WORK REQUEST. Print this span of the material below exactly: the line with "折り紙を好きな形に折ったり、絵を描いたり🎨遊びが色々と広がっていますね😁", the line with "淘宝LeoMami孕妇裤秋冬款加绒加厚微喇叭牛仔裤弹力糯米托腹休闲长裤", and every line between them, but nothing else.

PROVIDED RECORDS section start

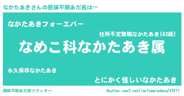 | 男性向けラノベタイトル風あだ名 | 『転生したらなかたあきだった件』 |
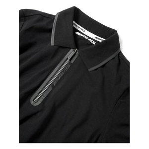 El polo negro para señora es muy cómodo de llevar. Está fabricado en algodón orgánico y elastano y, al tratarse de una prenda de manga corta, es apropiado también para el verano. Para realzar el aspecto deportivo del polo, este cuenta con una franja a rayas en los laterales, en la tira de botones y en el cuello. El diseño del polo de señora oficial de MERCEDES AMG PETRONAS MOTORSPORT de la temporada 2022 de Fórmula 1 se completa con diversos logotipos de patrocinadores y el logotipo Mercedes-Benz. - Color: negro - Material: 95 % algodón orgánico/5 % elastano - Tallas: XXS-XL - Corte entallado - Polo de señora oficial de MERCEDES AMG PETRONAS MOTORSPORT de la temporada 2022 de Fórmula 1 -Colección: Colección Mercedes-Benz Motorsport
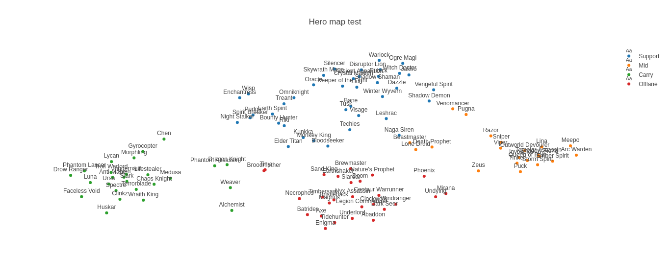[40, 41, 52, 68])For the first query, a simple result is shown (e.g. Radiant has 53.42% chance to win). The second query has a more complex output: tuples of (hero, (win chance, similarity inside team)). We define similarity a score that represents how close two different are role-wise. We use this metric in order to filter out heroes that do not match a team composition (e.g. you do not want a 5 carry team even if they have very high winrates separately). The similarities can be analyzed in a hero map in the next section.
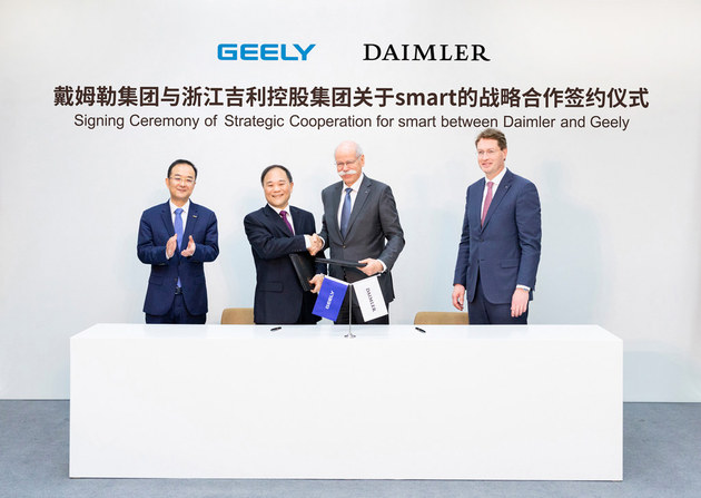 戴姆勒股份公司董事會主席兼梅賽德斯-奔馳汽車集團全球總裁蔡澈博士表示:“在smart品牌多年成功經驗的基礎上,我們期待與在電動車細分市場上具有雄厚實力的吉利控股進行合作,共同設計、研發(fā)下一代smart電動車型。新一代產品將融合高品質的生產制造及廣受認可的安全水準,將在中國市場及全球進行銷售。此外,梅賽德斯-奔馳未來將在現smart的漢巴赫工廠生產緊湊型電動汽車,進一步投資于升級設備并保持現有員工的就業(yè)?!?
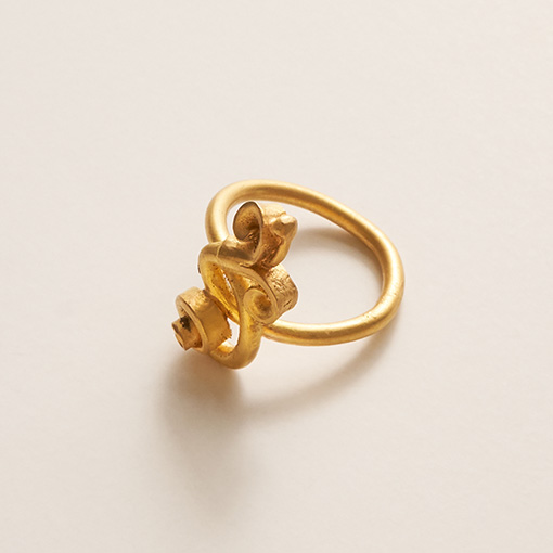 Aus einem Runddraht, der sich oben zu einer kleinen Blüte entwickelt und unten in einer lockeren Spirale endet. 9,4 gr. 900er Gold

PROVIDED RECORDS section end
PROVIDED RECORDS section start

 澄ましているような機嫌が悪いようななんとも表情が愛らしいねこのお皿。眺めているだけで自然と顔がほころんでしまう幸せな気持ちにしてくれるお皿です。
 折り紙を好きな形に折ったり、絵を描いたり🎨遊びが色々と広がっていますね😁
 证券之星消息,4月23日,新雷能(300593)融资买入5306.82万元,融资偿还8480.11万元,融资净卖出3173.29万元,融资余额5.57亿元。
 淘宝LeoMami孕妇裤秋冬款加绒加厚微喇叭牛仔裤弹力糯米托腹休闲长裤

PROVIDED RECORDS section end

REPLY.
 折り紙を好きな形に折ったり、絵を描いたり🎨遊びが色々と広がっていますね😁
 证券之星消息,4月23日,新雷能(300593)融资买入5306.82万元,融资偿还8480.11万元,融资净卖出3173.29万元,融资余额5.57亿元。
 淘宝LeoMami孕妇裤秋冬款加绒加厚微喇叭牛仔裤弹力糯米托腹休闲长裤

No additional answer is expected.